TrackBacks (0) Comments (2)
Summary: This evening around 21:31 GMT all websites on pemlinweb10 were defaced. In most cases additional files called index.htm, index.html and index.php were put into document roots for websites.

The action we've taken thus far:

1) disabled all the files
2) removed all the files (currently underway still) so that you can upload your site files if you have backups.
3) kicked off a bare metal restore of the servers file system to one of our dedicated restore servers.
4) found the entry point, hole and have plugged them.

What's left:
The bare metal restore will take approx 9 hours to complete, it's currently one hour into this so it'll be finished by morning when our engineering shift starts at 8am. We will then begin a mass restore of sites from the restore. The latest backup for this server is started at 15:00 this evening and ended at 18:31 so the data should be quite recent. And infact since it was just index files it shouldn't take a lot of effort to restore them once the full restore has taken place.

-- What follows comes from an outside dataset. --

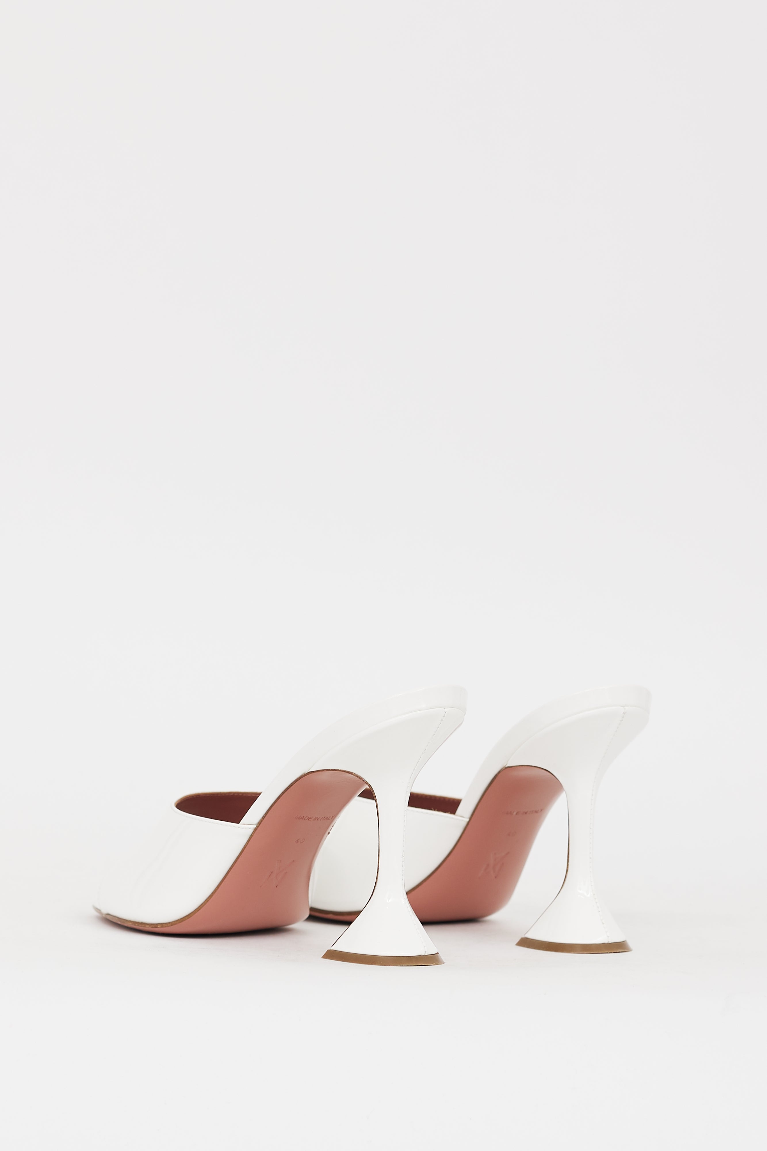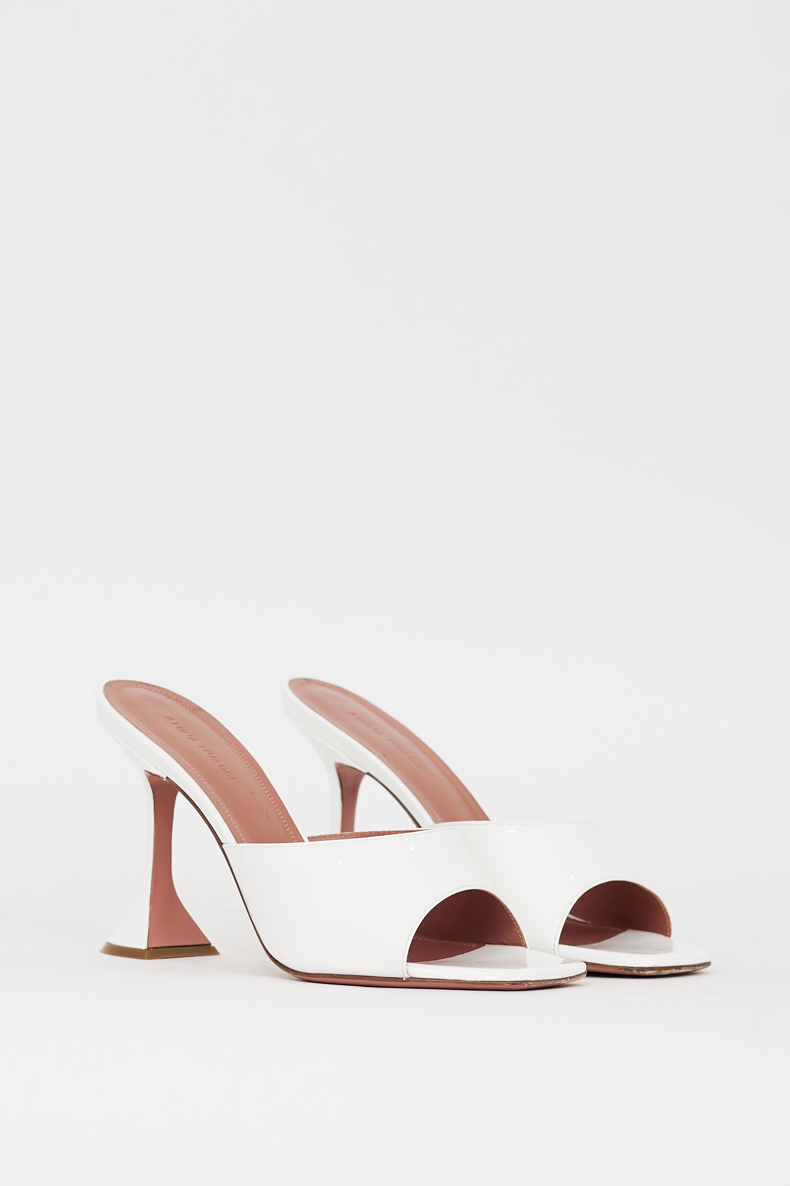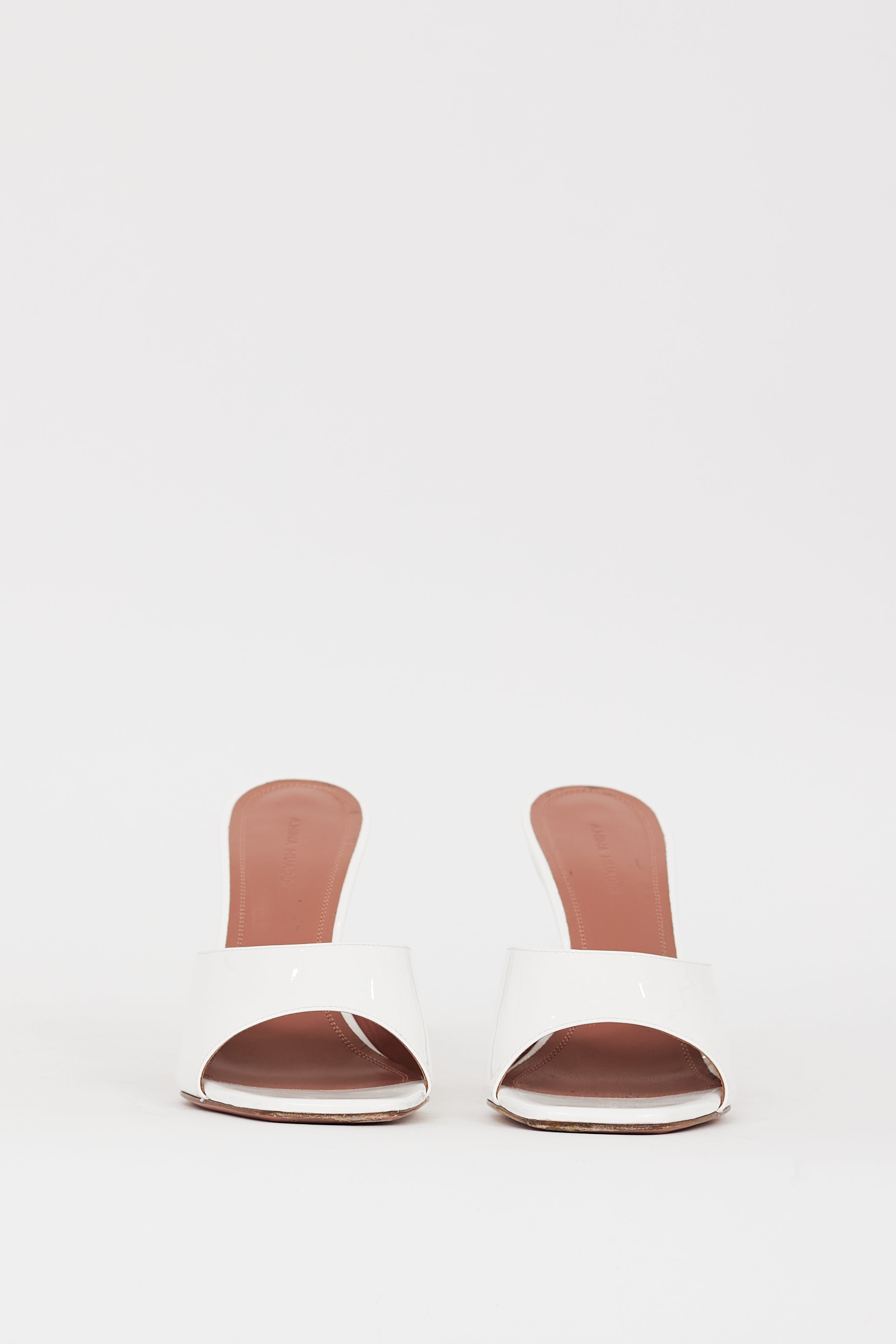 Pre-owned Amina Muaddi white Lupita heels featuring an open square toe, patent leather upper, single strap across vamp, and a covered fluted heel. Comes with original dust bags.

Caveats: Anyone who uploads a new index files this evening should expect this to be overwritten from our restore tomorrow morning. If the restore fails for some reason we'll have to kick it off again. However we have other options available to us but a bare metal restore is typically the fastest method.

Update 08:31: The restore is still on going, the ETA is around 3h and 30 minutes which brings us upto midday or there abouts. We'll post further updates when we have the restore completed.

FYI we just rebooted the hardware node that pemlinweb10 resides on and it should be back in a few minutes.

Update 12:10: At the moment any file who's name starts with index is being restored to the state it was in at 15:00 yesterday. We don't have an ETA on how long this part will take, but it should hopefully be finished before lunch.

Update 16:30: The restore has taken longer than expected, mainly because we vastly under estimated just how many "index" files there are. For example, Joomla puts an index.html in every folder as a measure against directory listings. The vast majority of files are  restored now, with only a few thousand left. The process should be finished within the next 15 mins.

Pemlinweb21 and 22 issues

TrackBacks (0) Comments (0)
I'm afraid that two of our Linux shared hosting servers are currently experiencing technical issues due to abnormally high load.  They are:

Pemlinweb21 - 81.17.254.58
Pemlinweb22 - 81.17.254.59

Our engineers are working on stopping the processes using up all the resources on the servers now and we hope to have service restored as soon as possible.

Update 14:56 - The node itself has been restarted now and this has restored service fully.  Our engineers will continue to monitor the servers closely, but what we believe to be the primary cause of this has been stopped fully now.

Email delay on cp.blacknight.com mailservers

TrackBacks (0) Comments (0)
We are currently experiencing a larger than average number of emails in the mailqueues of the shared mailservers for any shared hosting package using email through cp.blacknight.com.

This may cause a delay in your emails getting delivered to you.  Our engineers are working on this and it is their highest priority right now.  We hope to get the situation resolved as quickly as possible.


Update 10:54 - I'm afraid the mail queues are still quite high, though our engineers have blocked one possible contributer to the high backlog.  We have escalated this to the software developers also.

Update 12:40 - Apologies over the delay in an update.  The mailqueues started to go down quickly shortly after the change made at 10:54 but our engineers could not see the exact cause.  They are still closely monitoring the mailservers and working with the Software Developers but email delivery has been down to normal levels for the last half or so now.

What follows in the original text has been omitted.